Abstract
Background:
Therapeutic drug monitoring (TDM) is useful to assess clozapine adherence and optimize treatment. However, analysis of venous blood levels by liquid chromatography tandem mass spectrometry (LC-MS/MS) is often logistically complicated and process time is prolonged.
Objective:
To assess the feasibility and reliability of a new point-of-care device, (MyCare™ Insite), using capillary blood for clozapine therapeutic monitoring.
Methods:
Matched venous and capillary blood samples were collected from patients treated with clozapine on a stable dose. Samples were analyzed by LC-MS/MS and MyCare Insite Clozapine Test. Clozapine plasma levels were compared between methods using linear regression model. Both patients and treatment team completed questionnaires about the feasibility of blood sampling.
Results:
Of the total sample (44 patients, 61% males, mean age 43 ± 12 years), mean daily clozapine dose was 293 ± 134 mg/day. Linear regression model demonstrated high correlation with R2 = 0.83 (p < 0.0001) and mean difference of 26 ± 162 ng/ml. More than 60% of the patients found the clozapine TDM to be important. Most of the participants (58%) favored the capillary sampling and 11% claimed that testing method would affect their adherence to TDM. Moreover, a larger portion (72%) strongly preferred to be tested at the office rather than at the lab.
Conclusions:
The point-of-care device offers an accessible and satisfactory measurement of clozapine blood levels. Both patients and healthcare providers reported preference for capillary sampling as well as for the in-office TDM procedure. The immediate results provided by the device can facilitate rapid and informed clinical decisions and therefore improve clozapine treatment outcomes.
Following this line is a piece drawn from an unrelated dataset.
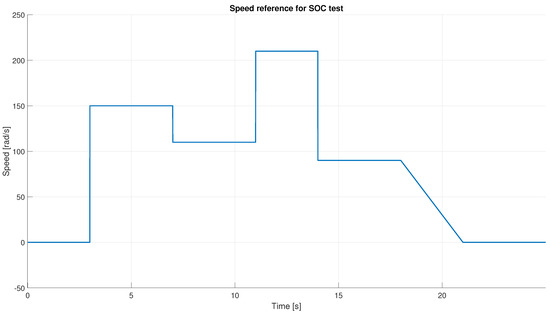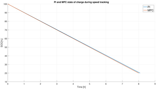 The last experiment consisted of a large test where the state of charge (SOC) of the lithium-ion batteries was observed. For this experiment, the induction motor velocity profile shown in Figure 15 was chosen and repeated in time until the batteries reached 20% of charge. This is the minimum value at which batteries should be maintained to extend their lifespan [40]. Figure 16 shows the SOC of the battery throughout the experiment, where the differences between the two designed controllers can be observed. In the first 3 h, the difference cannot be distinguished, but after the SOC reaches 60%, the MPC’s SOC starts to extend above the PI line. At the end, the PI reaches 20% of the SOC after 8 hours, while the MPC has 20.835% left. This translates into 5.07 min more driving time.

Keywords: clozapine, schizophrenia, point of care, therapeutic drug monitoring
Introduction
Clozapine is a unique and effective antipsychotic compound and is known as the most efficient agent for treatment resistant schizophrenia (TRS). It is estimated that as many as 30% of individuals with schizophrenia meet the criteria for TRS and clozapine is considered valuable in 30–75% of this subgroup.1,2 Clozapine is not only highly effective; it is also associated with reduced mortality in comparison with other antipsychotic treatments, as demonstrated repeatedly.3,4 However, clozapine use is associated with barriers and the compound is underused in spite of its notable advantages.2,5 Complex pharmacodynamic profile and fear of severe side effects are among those barriers. 6
Measuring serum drug levels is available for many psychopharmacologic agents, including mood stabilizers, tricyclic antidepressants, and several antipsychotic drugs, including clozapine. 7 Therapeutic drug monitoring (TDM) offers many advantages such as reflecting adherence to treatment, a crucial issue in schizophrenia treatment where adherence is estimated to be less than 50%, 8 assisting customized dosing decisions, and avoiding drug toxicity. Serum drug levels are affected by age, medical conditions, genetics, drug-drug interactions, and pharmacokinetic variability; all can differ immensely between patients and during the patient’s life course. 7 Clozapine blood levels are correlated with clinical outcome: response is associated with blood levels above 350 ng/ml,9,10 whereas levels higher than 600 ng/ml might be associated with increased risk to develop side effects. 10 Yet, measuring clozapine levels is complicated and often avoided. The current available customary analytic method of liquid chromatography tandem mass spectrometry (LC-MS/MS) requires transportation to a special lab and a multistep analysis process that may take several days. 11
New and advanced technologies can enable rapid and easier ways to measure clozapine blood levels. MyCareTM Insite by Saladax is a new point-of-care (POC) immunoassay method using capillary blood sampling. This method offers three main advantages: (1) The analysis requires capillary blood instead of venous blood, which is preferred by both caregivers and patients. 12 (2) The test is conducted as an in-office procedure, with no need for laboratory outsourcing. (3) The results of the test are received immediately on the spot in less than 7 minutes. Preliminary results of this novel POC device were recently published, 11 demonstrating the validity of clozapine blood level measurements.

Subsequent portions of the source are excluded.